Minnesota kept pressing for a goal, including a header by Ike Opara in the 33rd minute that went wide of the post, and reduced the lead to 2–1 two minutes after halftime. Minnesota midfielder Kevin Molino ended his run down the right flank with a low pass to Robin Lod at the top of the six-yard box, which he volleyed into the goal off the left post. Within minutes of conceding, Atlanta made two attempts at goal through a shot by Julian Gressel and another by Josef Martínez, but both were saved by Mannone; Martínez also had another shot in the 53rd minute that was ruled offside.
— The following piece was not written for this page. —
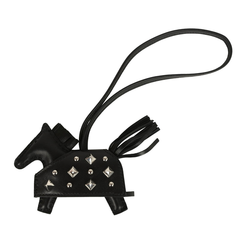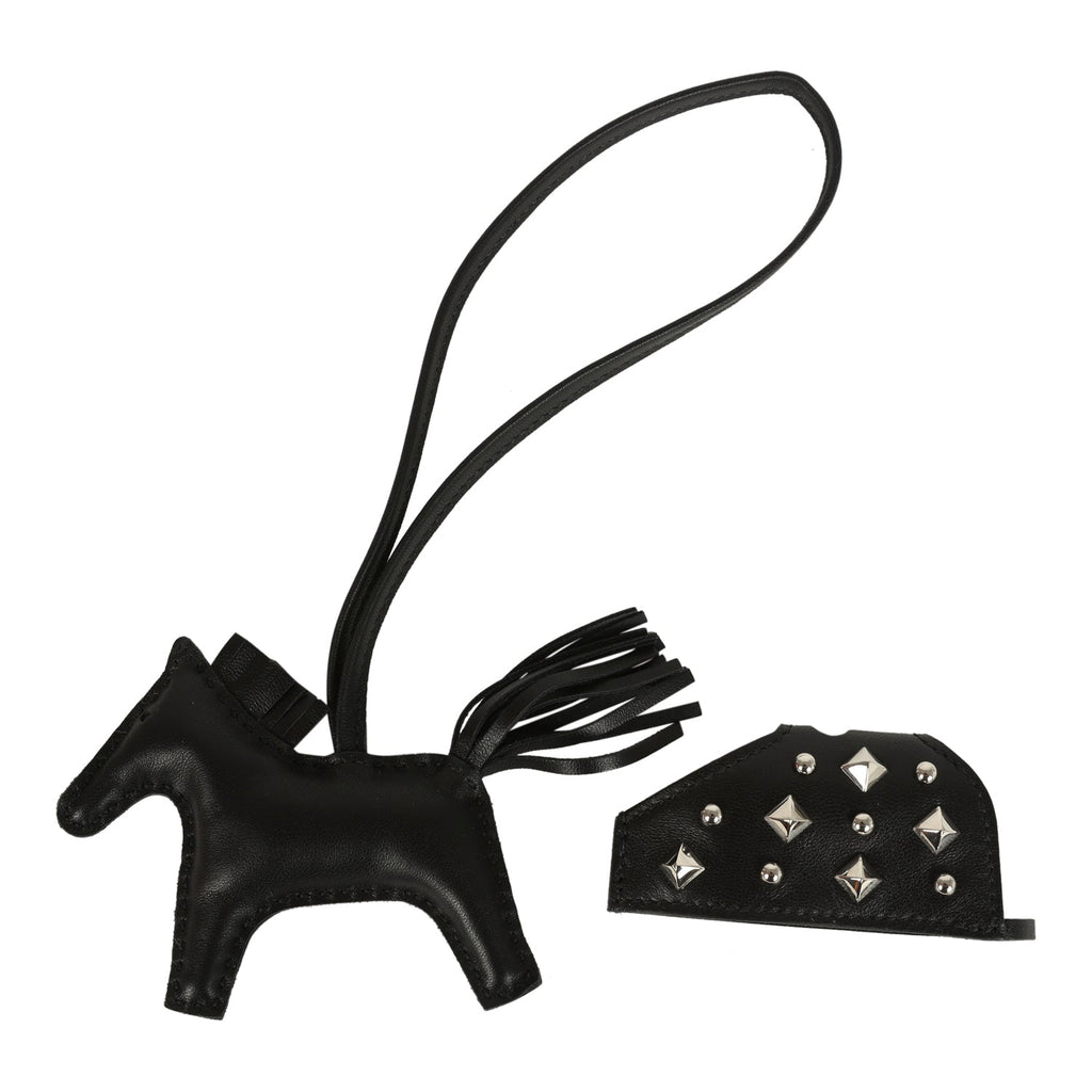 Hermes Rodeo Rock Bag Charm PM Black Milo Lambskin Palladium Hardware

Molino had a chance to equalize for Minnesota in the 69th minute after receiving a deflection from Atlanta defender Florentin Pogba, but was unable to beat Brad Guzan with his one-time shot.
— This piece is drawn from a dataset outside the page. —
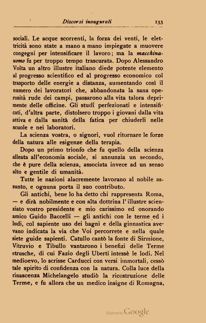 Gli antichi, bene lo ha detto chi rappresenta Roma, — e dirà nobilmente e con alta dottrina l'illustre scienziato vostro presidente e mio carissimo ed onorando amico Guido Baccelli — gli antichi con le terme ed i ludi, col sapiente uso dei bagni e della ginnastica avevano indicata la via che Voi percorrete e nella quale siete guide sapienti. Catullo cantò la fonte di Sirmione, Vitruvio e Tibullo vantarono i benefizi delle Terme etrusche, di cui Fazio degli Uberti intessè le lodi. Nel medioevo, lo scrisse Carducci con versi immortali, cessò tale spirito di confidenza con la natura. Colla luce della rinascenza Michelangelo studiò la ricostruzione delle Terme, e fu allora che un medico insigne di Romagna,

Atlanta played the last 16 minutes of the match with 10 players after González Pírez was sent off in the 74th minute, having earned two yellow cards within three minutes for dissent and grabbing Molino off the ball. Minnesota manager Adrian Heath responded by substituting Quintero into the match, while Atlanta's Frank de Boer brought on Franco Escobar and switched to a formation with five defenders to protect the lead. Minnesota had the majority of possession late in the match and earned several corner kicks, but were unable to create a dangerous scoring chance until stoppage time. Opara chested down a ball and shot towards the goal in the first minute of stoppage time, requiring Guzan to make a diving save. In the fourth minute of stoppage time, Opara headed down a cross that fell to Boxall, but his volleyed shot from point-blank range went over the crossbar.

===Details===
August 27, 2019
Atlanta United FC 2-1 Minnesota United FC
  Atlanta United FC: Gasper 10', G. Martínez 16'
  Minnesota United FC: Lod 47'

| GK | 1 | USA Brad Guzan (c) |
| DF | 5 | ARG Leandro González Pírez | |
| DF | 12 | USA Miles Robinson |
| DF | 4 | GUI Florentin Pogba |
| MF | 24 | GER Julian Gressel | | |
| MF | 6 | USA Darlington Nagbe |
| MF | 11 | ARG Eric Remedi |
| MF | 14 | IRQ Justin Meram |
| MF | 8 | ARG Ezequiel Barco | | |
| FW | 10 | ARG Pity Martínez | | |
| FW | 7 | Josef Martínez |
Substitutes:
| GK | 25 | USA Alec Kann |
| DF | 3 | USA Michael Parkhurst |
| DF | 18 | USA Jeff Larentowicz | | |
| MF | 29 | ENG Mo Adams |
| FW | 16 | USA Emerson Hyndman | | |
| FW | 15 | PAR Héctor Villalba |
| FW | 2 | ARG Franco Escobar | | |
Manager:
NED Frank de Boer
| GK | 1 | ITA Vito Mannone |
| DF | 19 | MAD Romain Métanire |
| DF | 3 | USA Ike Opara |
| DF | 15 | NZL Michael Boxall |
| DF | 77 | USA Chase Gasper | |
| MF | 8 | SVK Ján Greguš |
| MF | 6 | CUB Osvaldo Alonso (c) | | |
| MF | 31 | USA Hassani Dotson | |
| MF | 7 | TRI Kevin Molino | | |
| FW | 23 | USA Mason Toye |
| FW | 16 | FIN Robin Lod | | |
Substitutes:
| GK | 33 | USA Bobby Shuttleworth |
| DF | 14 | USA Brent Kallman |
| MF | 25 | COL Darwin Quintero | | |
| MF | 10 | USA Miguel Ibarra |
| MF | 12 | KEN Lawrence Olum |
| FW | 13 | USA Ethan Finlay | | |
| FW | 99 | GHA Abu Danladi | | |
Manager:
ENG Adrian Heath

| Assistant referees:
Brian Poeschel
	Nick Uranga
Fourth official:
Ramy Touchan
Reserve assistant referee:
Brian Dunn | Match rules *90 minutes *30 minutes of extra time if necessary. *Penalty shootout if scores still tied. *Seven named substitutes |

==Post-match==

The U.S. Open Cup was the third trophy to be won by Atlanta United FC within nine months, following the MLS Cup and Campeones Cup. It was also the first time that the U.S. Open Cup was won by a team from the state of Georgia. Atlanta collected $300,000 in prize money as champion and a berth in the 2020 CONCACAF Champions League. As runners-up, Minnesota United FC earned $100,000 in prize money. Atlanta coach Frank de Boer praised his team's performance, particularly the contributions from winger Justin Meram. Minnesota head coach Adrian Heath praised his players for their response to the first two goals and for their progress compared to earlier matches they played in Atlanta. The 2020 U.S. Open Cup was cancelled due to the COVID-19 pandemic; Atlanta United FC was awarded that competition's berth for the 2021 CONCACAF Champions League by U.S. Soccer on December 11, 2020.